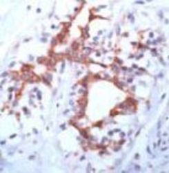 - Immunohistochemical staining of FGFR3 on formalin fixed, paraffin embedded human breast cancer with FGFR3 polyclonal antibody (Cat # PAB11649).
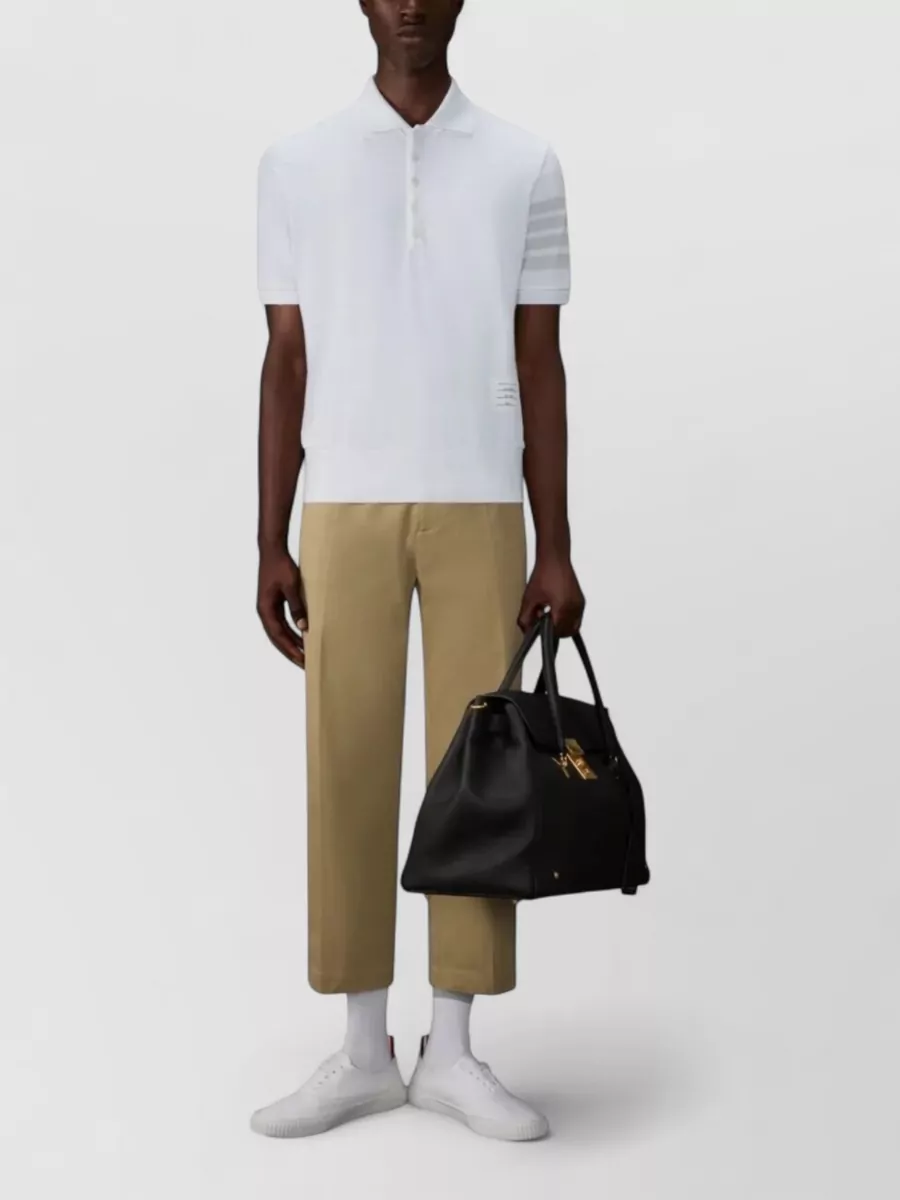 Thom Browne short sleeve rib cuff polo with rwb stripe
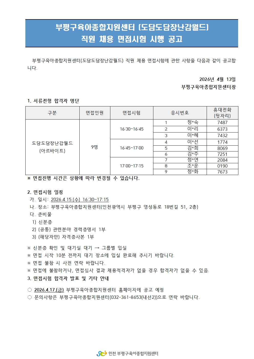 [본센터]2026년 제3회 부평구육아종합지원센터(도담도담장난감월드) 직원 채용 면접시험 공고
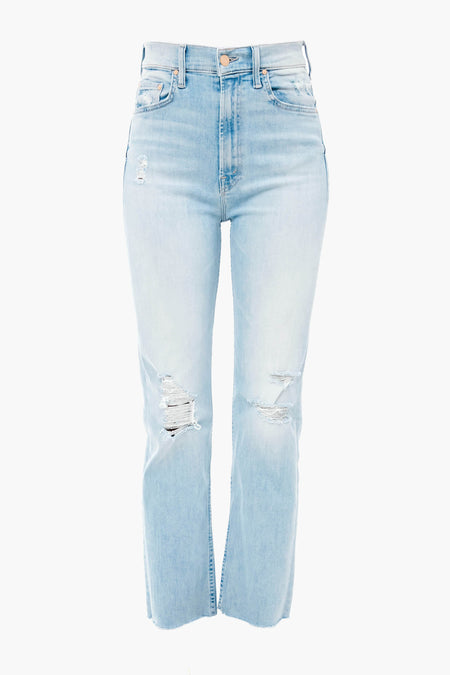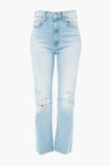 The Island Afterhours High Waisted Rider Ankle Fray are the perfect high-waisted straight leg jeans. Made from stretch denim with an ankle-length inseam, distressed knees, and frayed hem, there is no question why this fabric is MOTHER’s best-selling white denim. Add a tee and sneakers for on-the-go weekend style.
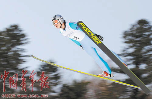 2月21日,韩国选手金贤基在比赛中。当日,在第24届世界大学生冬季运动会跳台滑雪男子K90米个人赛中,金贤基以261.0的总分获得冠军。
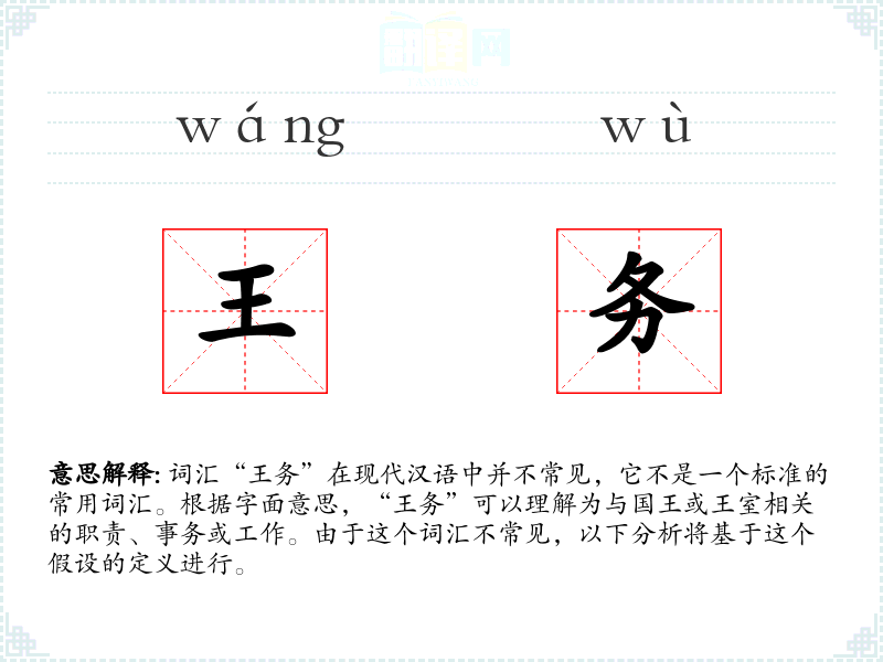 词汇“王务”在现代汉语中并不常见,它不是一个标准的常用词汇。根据字面意思,“王务”可以理解为与国王或王室相关的职责、事务或工作。由于这个词汇不常见,以下分析将基于这个假设的定义进行。
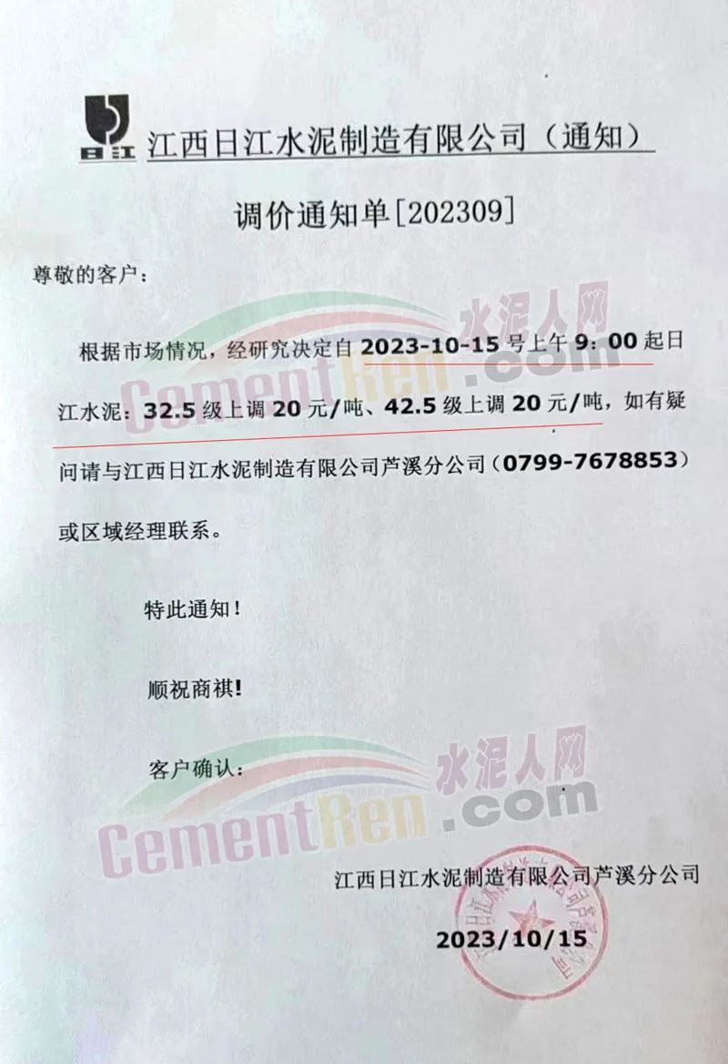 江西日江水泥制造有限公司通知,根據(jù)市場(chǎng)情況,經(jīng)研究決定自2023年10月15日上午9時(shí)起各標(biāo)號(hào)水泥價(jià)格上調(diào)20元/噸。
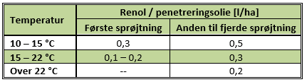 Tabel 9 Retningslinjer for dosering af penetreringsolie afhængig af
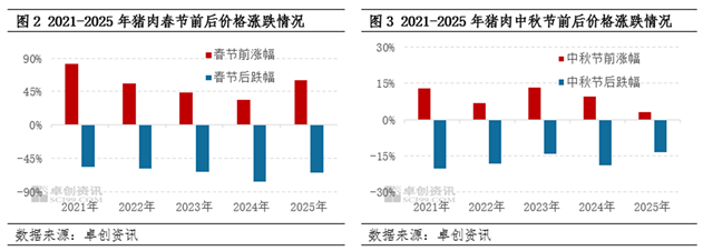 进入三、四季度,市场期待的“强反弹”并未如期而至。尽管9月开学季和中秋国庆双节带来了一定的备货需求,但屠宰企业的鲜销率提升幅度有限,所谓的“旺季”更多表现为价格的窄幅震荡而非单边上涨。从卓创资讯统计的数据来看,中秋节前需求对于价格的提振作用明显弱于春节,但节后价格回落的幅度往往更加显著。2025年中秋节前一周,白条猪肉价格仅仅上涨了3.12%,为近五年最低。而节后一周价格下跌的幅度则达到了13.57%,处于近五年平均水平附近。
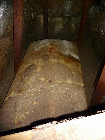 刳貫式家形石棺。 凝灰岩製だそうで、どこからか運ばれてきたのかな・・・? 見てのとおり、蓋と棺身のバランスが悪く、まるで大きな キノコみたいな状態に・・・
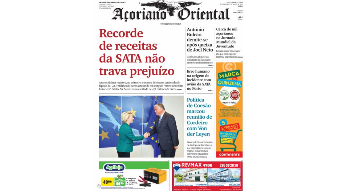 "Política de Coesão marcou reunião de Cordeiro com Von der Leyen", "António Bulcão demite-se após queixa de Joel Neto", "Erro humano na origem de incidente com avião da SATA no Porto" e "Cerca de mil açorianos na Jornada Mundial da Juventude" são os outros destaques deste jornal.
+--
--- PROMPT ---
Copy exactly the lines from the first line of the records above through the line with "Tabel 9 Retningslinjer", both included, and nothing else. Pictures stay out.

--- EXPECTED OUTPUT ---
 - Immunohistochemical staining of FGFR3 on formalin fixed, paraffin embedded human breast cancer with FGFR3 polyclonal antibody (Cat # PAB11649).
 Thom Browne short sleeve rib cuff polo with rwb stripe
 [본센터]2026년 제3회 부평구육아종합지원센터(도담도담장난감월드) 직원 채용 면접시험 공고
 The Island Afterhours High Waisted Rider Ankle Fray are the perfect high-waisted straight leg jeans. Made from stretch denim with an ankle-length inseam, distressed knees, and frayed hem, there is no question why this fabric is MOTHER’s best-selling white denim. Add a tee and sneakers for on-the-go weekend style.
 2月21日,韩国选手金贤基在比赛中。当日,在第24届世界大学生冬季运动会跳台滑雪男子K90米个人赛中,金贤基以261.0的总分获得冠军。
 词汇“王务”在现代汉语中并不常见,它不是一个标准的常用词汇。根据字面意思,“王务”可以理解为与国王或王室相关的职责、事务或工作。由于这个词汇不常见,以下分析将基于这个假设的定义进行。
 江西日江水泥制造有限公司通知,根據(jù)市場(chǎng)情況,經(jīng)研究決定自2023年10月15日上午9時(shí)起各標(biāo)號(hào)水泥價(jià)格上調(diào)20元/噸。
 Tabel 9 Retningslinjer for dosering af penetreringsolie afhængig af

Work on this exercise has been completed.